What needs to be done >> Your task is to return, word for word, only the lines from the line with "The Soft Life" through the close of the data. Exclude all pictures.

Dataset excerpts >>
◇ ◇ ◇ ◇
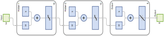 The ANN model is set to be a feedforward neural network (FFNN). This neural network represents a multilayer perceptron (MLP), where data propagates through multiple layers of neurons, including input layers, hidden layers, and the output layer. The hidden layers consist of multiple neurons that process the input data before passing it to the subsequent layer. Regarding the transfer function, an appropriate activation function is automatically selected for each layer of the neural network. These are typically sigmoid functions, hyperbolic tangent sigmoid functions, or linear functions. The type of network employed is a feedforward backpropagation network. Backpropagation occurs from the output layer to the input layer, calculating the gradient of the error function for each weight coefficient using the chain rule. Unlike the original direct approach of calculating the gradient for each layer separately, this backward flow of error information allows for efficient gradient computation one layer at a time. The transfer functions calculate the layer’s output based on its net input. This function receives an input matrix M with dimensions S × Q (where S is the number of neurons in the layer and Q is the number of variables), representing the network’s input vectors. The transfer function transforms each element of matrix M so that the output falls within the range of −1 to 1 [27].
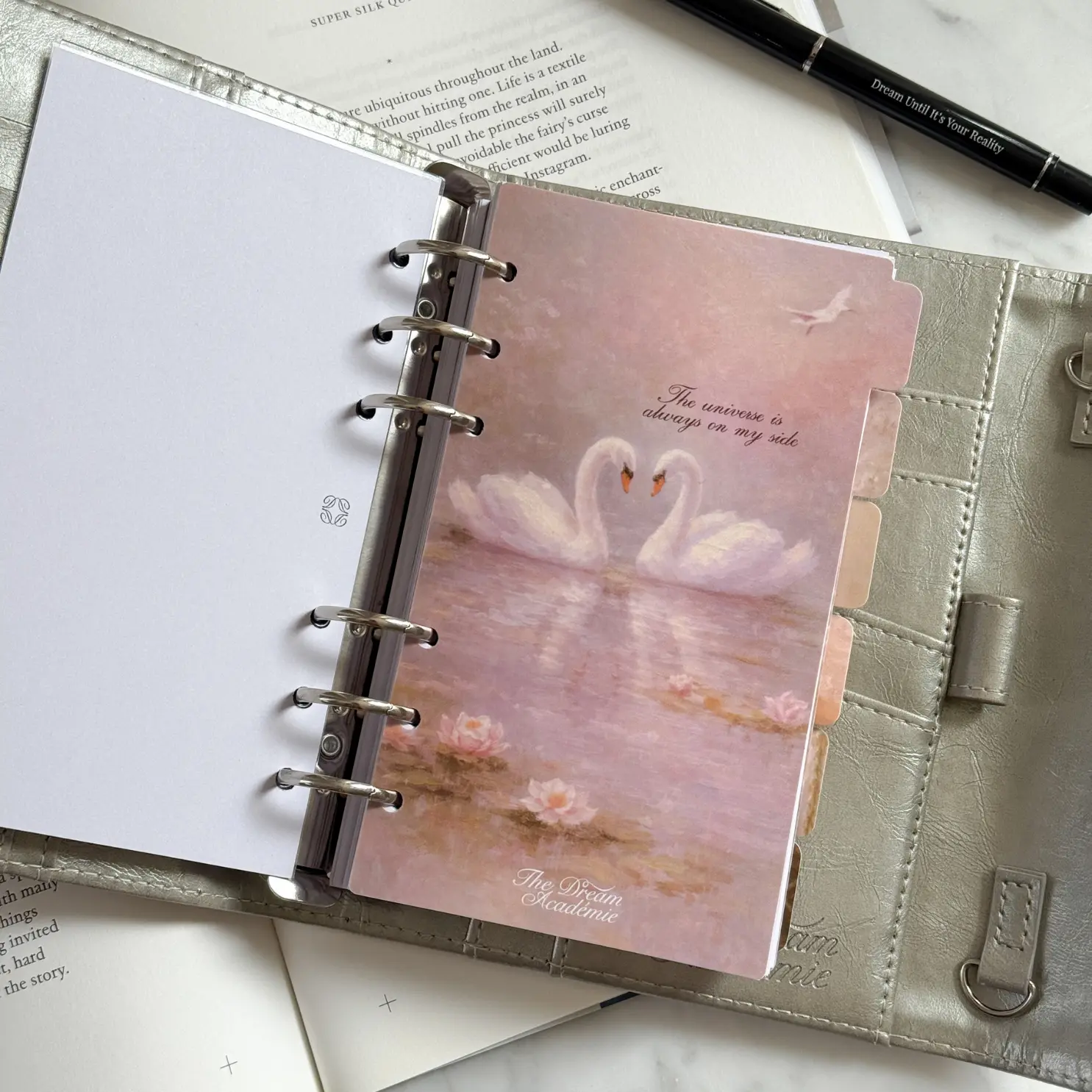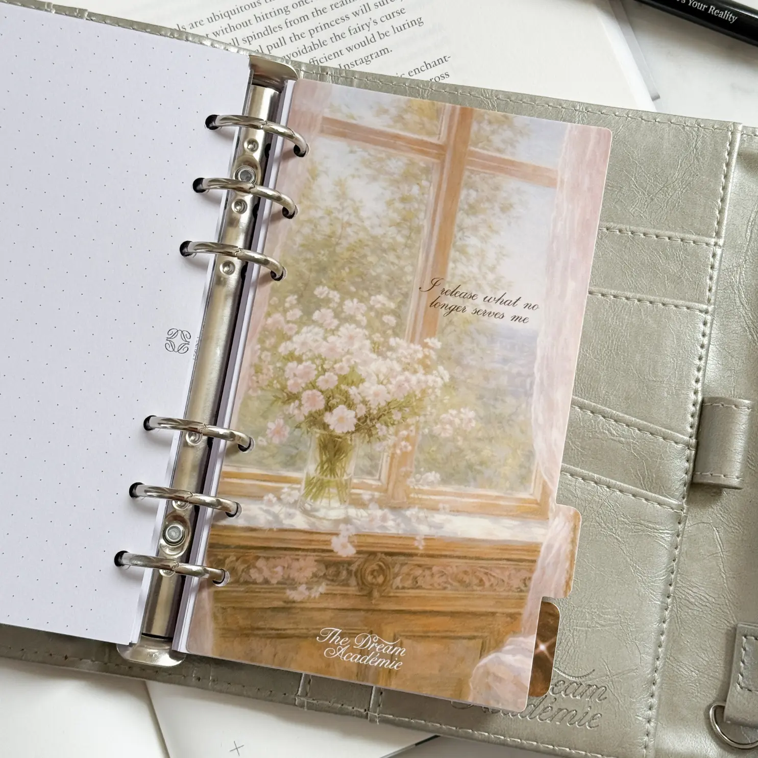 The Soft Life Planner Dividers Set is a set of 6 illustrated A5 or A6 planner dividers featuring romantic, painterly artwork and affirmations. Swans, candlelit tablescapes, pearls, blooming windows, stacked gift boxes, and garden florals — each divider feels like fine art inside your planner.
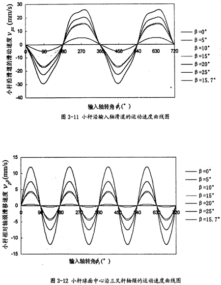 由曲线图3-12可以看出,小杆球面中心P沿轴颈的线速度随两轴夹角β的增大其最大值增长也较快,它的变化频率为一个回转周期2次,曲线上下对称这一数值可以作为动力分析中摩擦计算的重要依据。
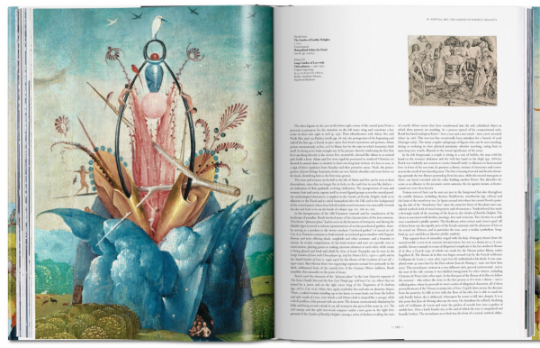 Bajo la supervisión del historiador del arte Stefan Fischer, experto en El Bosco, el libro analiza los numerosos elementos impactantes que pueblan cada escena, de los seres híbridos mitad hombre y mitad animal al uso pictórico de refranes y modismos. La obra concede una atención especial a la pintura más célebre de El Bosco, el hipnótico e inquietante tríptico El jardín de las delicias.
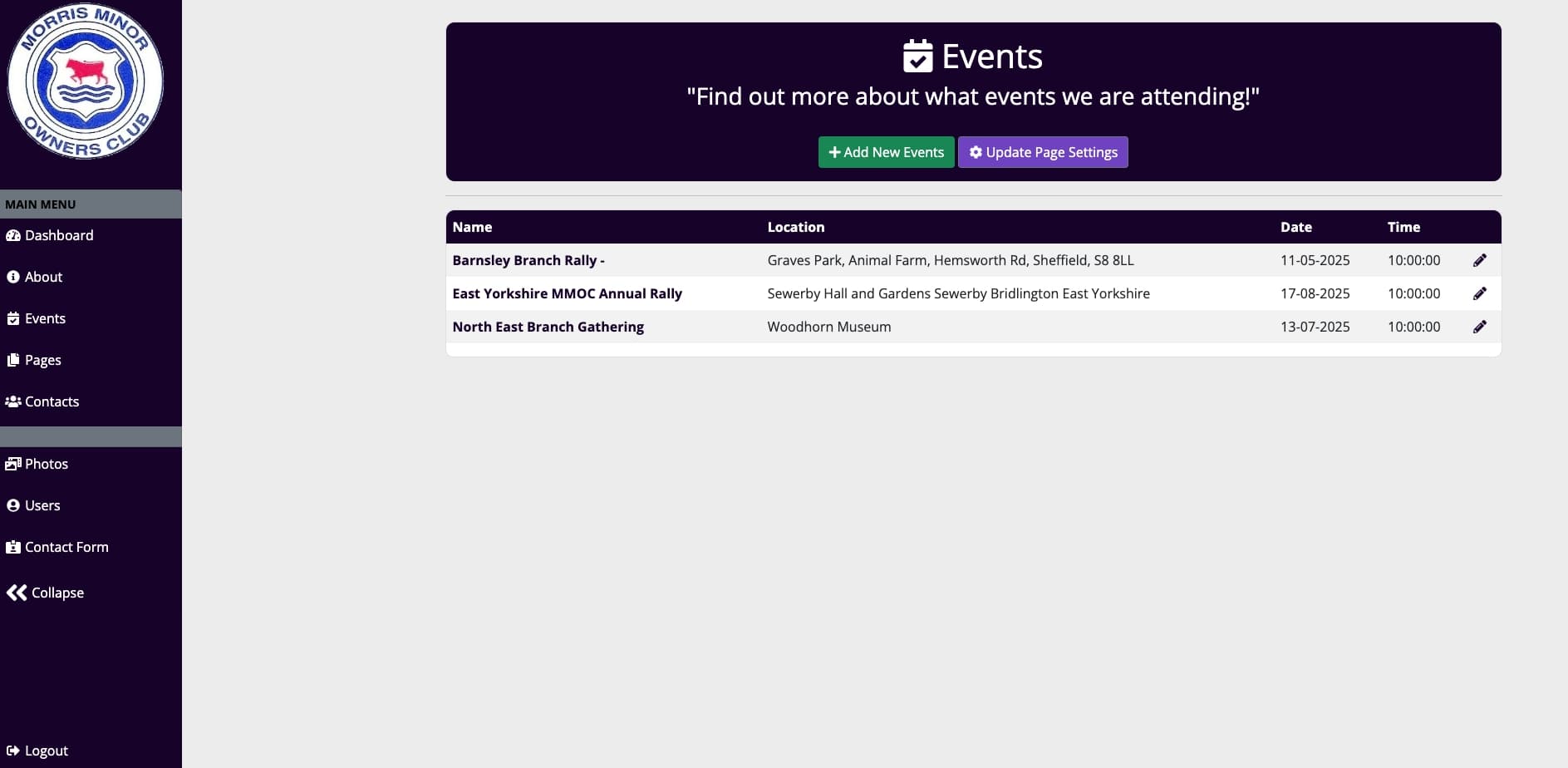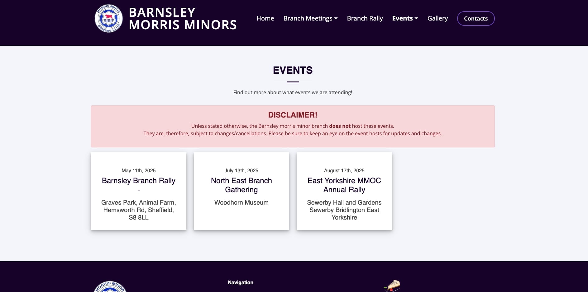 The website for the Barnsley branch of the "morris minors owners club" came about via a request from my dad, who has been a proud member of their branch for some time now.
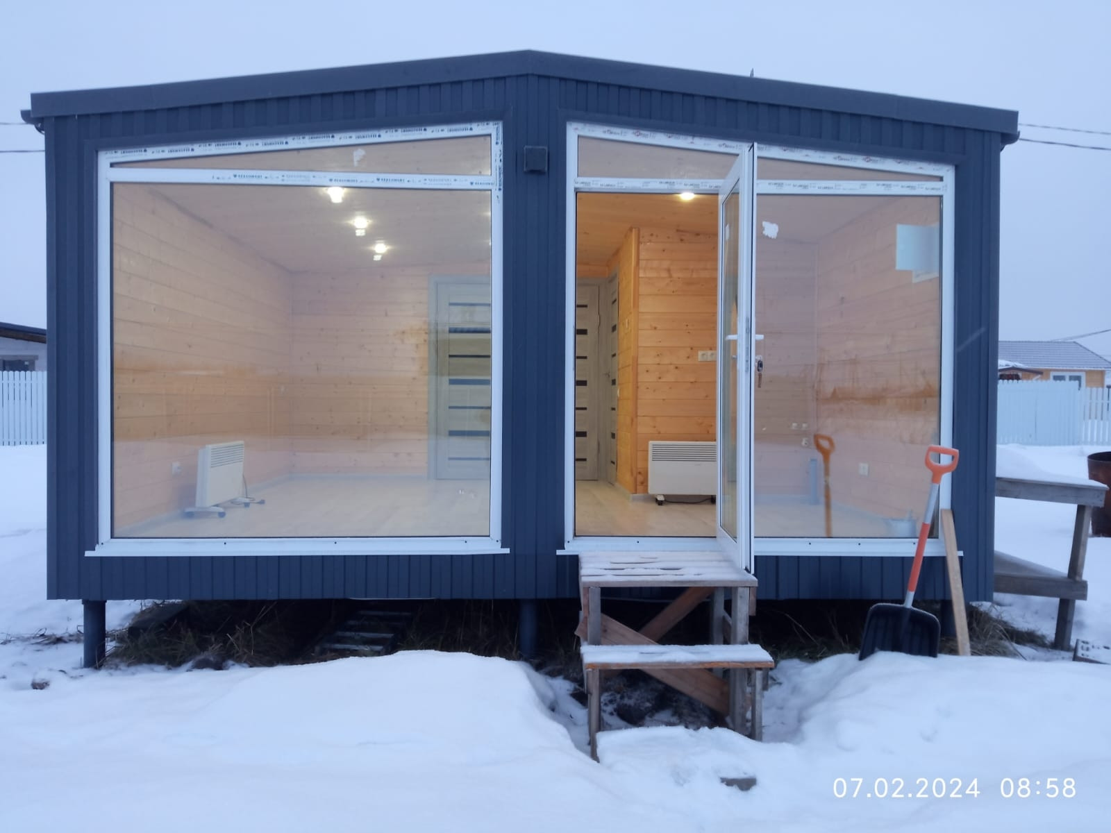 Построен по финской технологи каркасного домостроения. Утепление Роквал. Стены 150. Пол и потолок 200. Очень уютный и вместительный.
◇ ◇ ◇ ◇
Written reply >>
 The Soft Life Planner Dividers Set is a set of 6 illustrated A5 or A6 planner dividers featuring romantic, painterly artwork and affirmations. Swans, candlelit tablescapes, pearls, blooming windows, stacked gift boxes, and garden florals — each divider feels like fine art inside your planner.
 由曲线图3-12可以看出,小杆球面中心P沿轴颈的线速度随两轴夹角β的增大其最大值增长也较快,它的变化频率为一个回转周期2次,曲线上下对称这一数值可以作为动力分析中摩擦计算的重要依据。
 Bajo la supervisión del historiador del arte Stefan Fischer, experto en El Bosco, el libro analiza los numerosos elementos impactantes que pueblan cada escena, de los seres híbridos mitad hombre y mitad animal al uso pictórico de refranes y modismos. La obra concede una atención especial a la pintura más célebre de El Bosco, el hipnótico e inquietante tríptico El jardín de las delicias.
 The website for the Barnsley branch of the "morris minors owners club" came about via a request from my dad, who has been a proud member of their branch for some time now.
 Построен по финской технологи каркасного домостроения. Утепление Роквал. Стены 150. Пол и потолок 200. Очень уютный и вместительный.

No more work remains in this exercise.